YOUR TASK ▸
Would you please give the entries again word for word, with no images in your copy?

** RAW DATA follows **

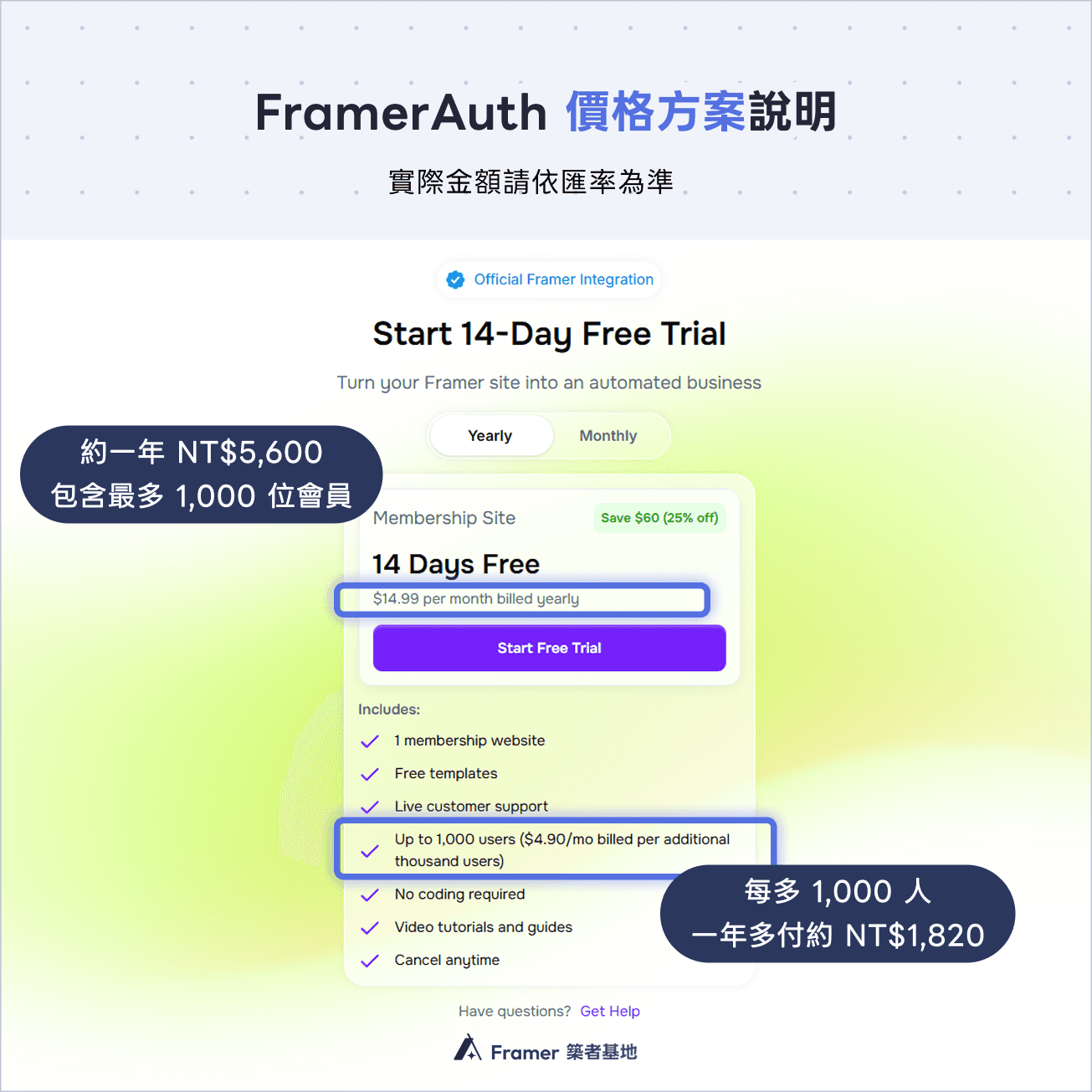 最後來說說大家最關心的方案價格。FramerAuth 提供 14 天免費試用,可以在不付費的情況下完整測試會員註冊、登入與會員頁面限制等功能。
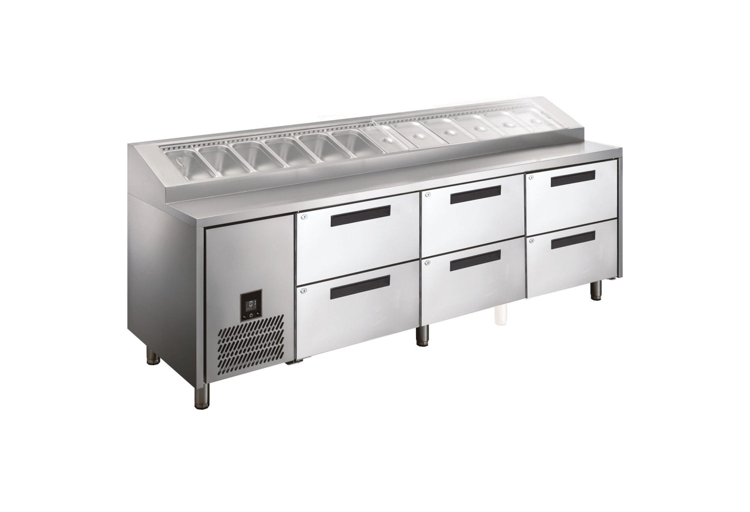 - Efficient Ingredient Storage: Three sets of robust drawers offer organised, cold storage for ingredients, significantly enhancing kitchen workflow and accessibility.
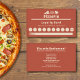 Eine Loyalitätskarte in roter Braun für Pizzeria, LKW, Zuhause-Lieferservice oder Koch zum Kochen, illustriert mit einer Pizzeria, einem Hut des Koch und einem Gebäude. Sie können sie an Ihre Kunden verteilen, um sich Loyalität zu schaffen. Diese kommen mit 9 leeren Kreisen für einen 10. freien.
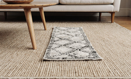 Layered Rugs Style. A low-angle shot of a living room floor where a smaller, patterned vintage rug is layered over
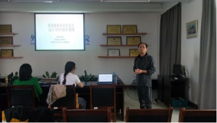 11月18日,365英国上市公司官网邀请桂林电子科技大学外国语学院刘绍忠教授和学院阳正义副院长作“毕业论文的设计∙写作∙指导∙管理”学术讲座,商务英语专业2021届毕业论文全体导师到场聆听讲座。
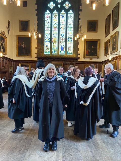 She successfully completed her BA course and was awarded a BA from Oxford University last year. In the picture accompanying this article is Val in full graduation mode.

** End of RAW DATA **

WRITTEN REPLY ▸
 最後來說說大家最關心的方案價格。FramerAuth 提供 14 天免費試用,可以在不付費的情況下完整測試會員註冊、登入與會員頁面限制等功能。
 - Efficient Ingredient Storage: Three sets of robust drawers offer organised, cold storage for ingredients, significantly enhancing kitchen workflow and accessibility.
 Eine Loyalitätskarte in roter Braun für Pizzeria, LKW, Zuhause-Lieferservice oder Koch zum Kochen, illustriert mit einer Pizzeria, einem Hut des Koch und einem Gebäude. Sie können sie an Ihre Kunden verteilen, um sich Loyalität zu schaffen. Diese kommen mit 9 leeren Kreisen für einen 10. freien.
 Layered Rugs Style. A low-angle shot of a living room floor where a smaller, patterned vintage rug is layered over
 11月18日,365英国上市公司官网邀请桂林电子科技大学外国语学院刘绍忠教授和学院阳正义副院长作“毕业论文的设计∙写作∙指导∙管理”学术讲座,商务英语专业2021届毕业论文全体导师到场聆听讲座。
 She successfully completed her BA course and was awarded a BA from Oxford University last year. In the picture accompanying this article is Val in full graduation mode.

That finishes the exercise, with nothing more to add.